The Book of All Loves, page 11
– he says.
What did you think would happen? We aren’t Romeo and Juliet, we aren’t a poem or a novel, only humans.
– she says, stroking his penis, very erect to her well-known touch.
It has been proven that for every human on Earth there are four individuals with the same face, or with features so similar that they can be taken as identical. It therefore would not be ridiculous to take this one step further and think that this peculiarity not only holds in space but in time as well: a face identical to yours has existed in every epoch, one that is propagated future-wards indefinitely. If this is correct, it would be the exact definition of ego-love. Narcissus made eternity, made virus. (Virus love)

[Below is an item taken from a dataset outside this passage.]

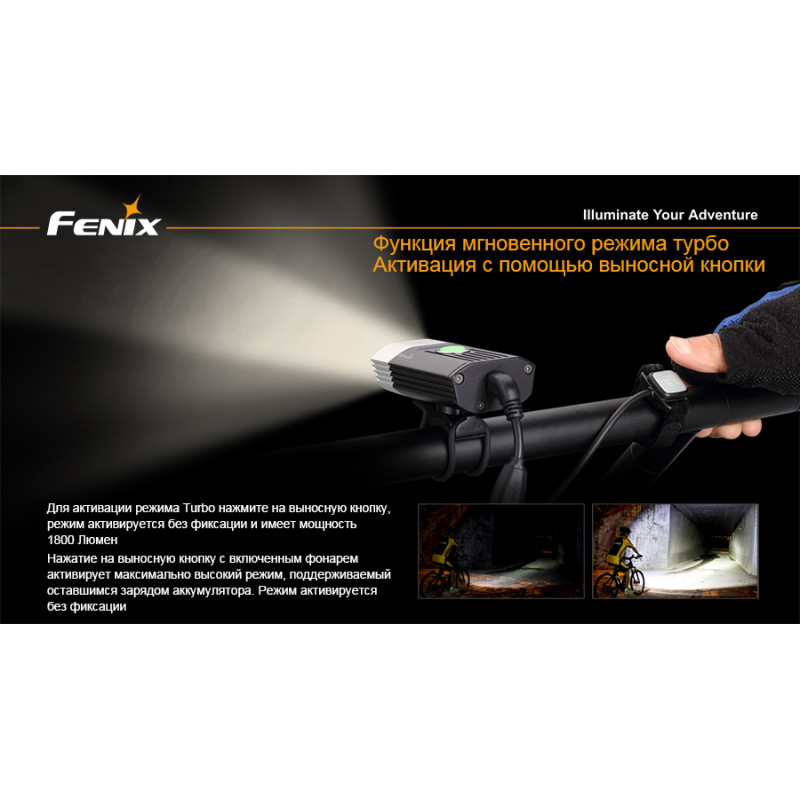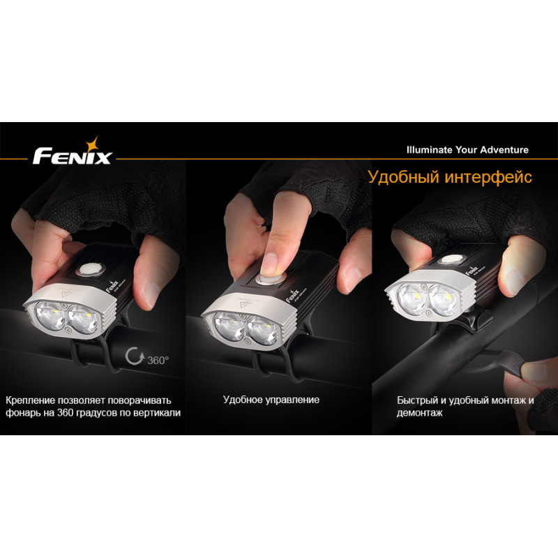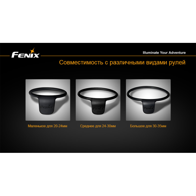 Fenix BT30R підходить для закріплення на велосипедних рулях різного діаметра. Для цього в комплекті передбачено кілька гумових кілець-кріплень різного розміру. Вони легко кріпляться і так само легко знімаються, коли виникає така необхідність. Щоб велосипедист в будь-який момент міг скористатися максимальною яскравістю турборежиму, на кермо кріпиться кнопка моментального доступу до світла.
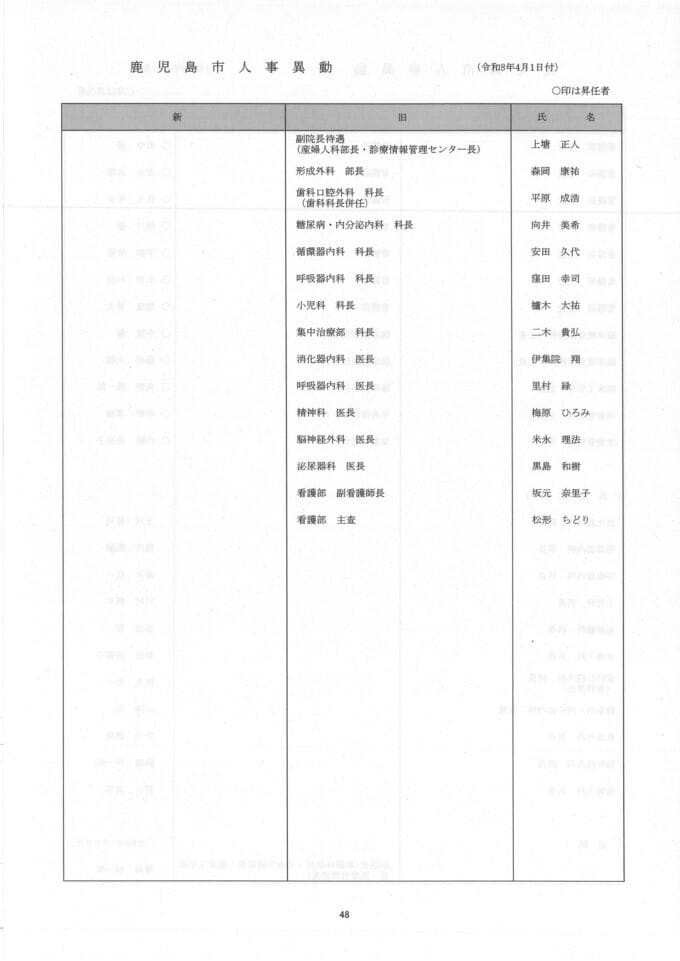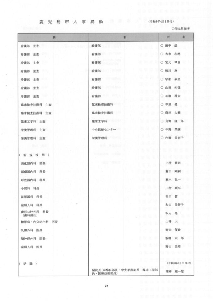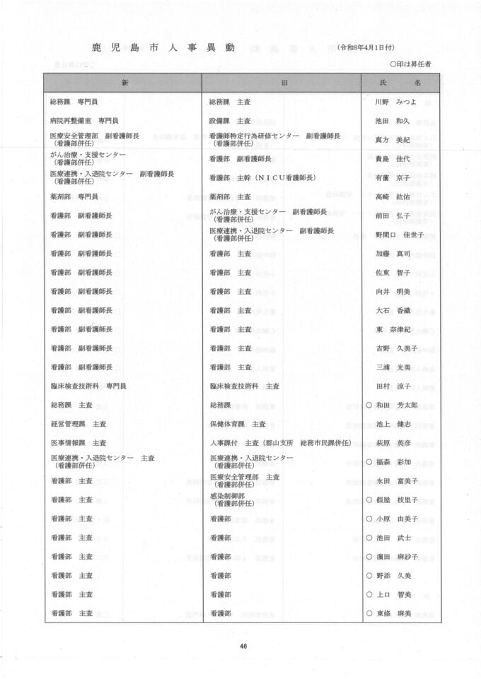 鹿児島市人事異動一覧【異動名簿】鹿児島市役所2026

When you enter me I feel inside me a cord made of warm, wet vapour, of pebbles and grass, of diamond and carbon, of all the fresh fruit and all the shit from the Great Blackout, and it ties my insides to some very far away place.
– she says.
It ties you to me, bird that still has no name.
– he says.
Me, you, him/her, we, you plural, them. Personal pronouns – as we know – are language’s great and definitive barrier. Going beyond the citadel occupied by these pronouns is impossible. There is no way to go beyond the plural of them, and if there were, what class of things could live beyond this collective plurality? In the same way, one cannot come nearer than the singular created by the me pronoun, and if one could, what class of things could exist inside a proximity so extreme? Indeed, language is totally occupied by personal pronouns, they are its walls and its territory, they fill it and exhaust it completely. If we were to move from this to a consideration of the borders of things, we could also interrogate the border of love, which line it is that separates the country of love from everything else in existence, and it is then that we immediately see that the love that really matters in the world, the kind we call universal love, begins in the precise place where personal pronouns end, where the meaning of me, you, him/her, we, you plural, them fails. Personal pronouns are then an endpoint from which a city named Love extends; its precise point of departure. From there to infinity, love will not cease to grow beyond the bounds of me, you, him/her, we, you plural, them. But for this same reason the territory of love is also the place where nobody and nothing can be pointed to because there will be no pronoun there to respond; a place where it is useless to try to bring anyone to account; a map where everything adopts the formula of irresponsibility – something along the lines of ‘I am we, and we is I’. Making nobody guilty of anything. Such universal love therefore resembles that other chasm of superimposed data and images we crudely call the Net. (Irresponsible love)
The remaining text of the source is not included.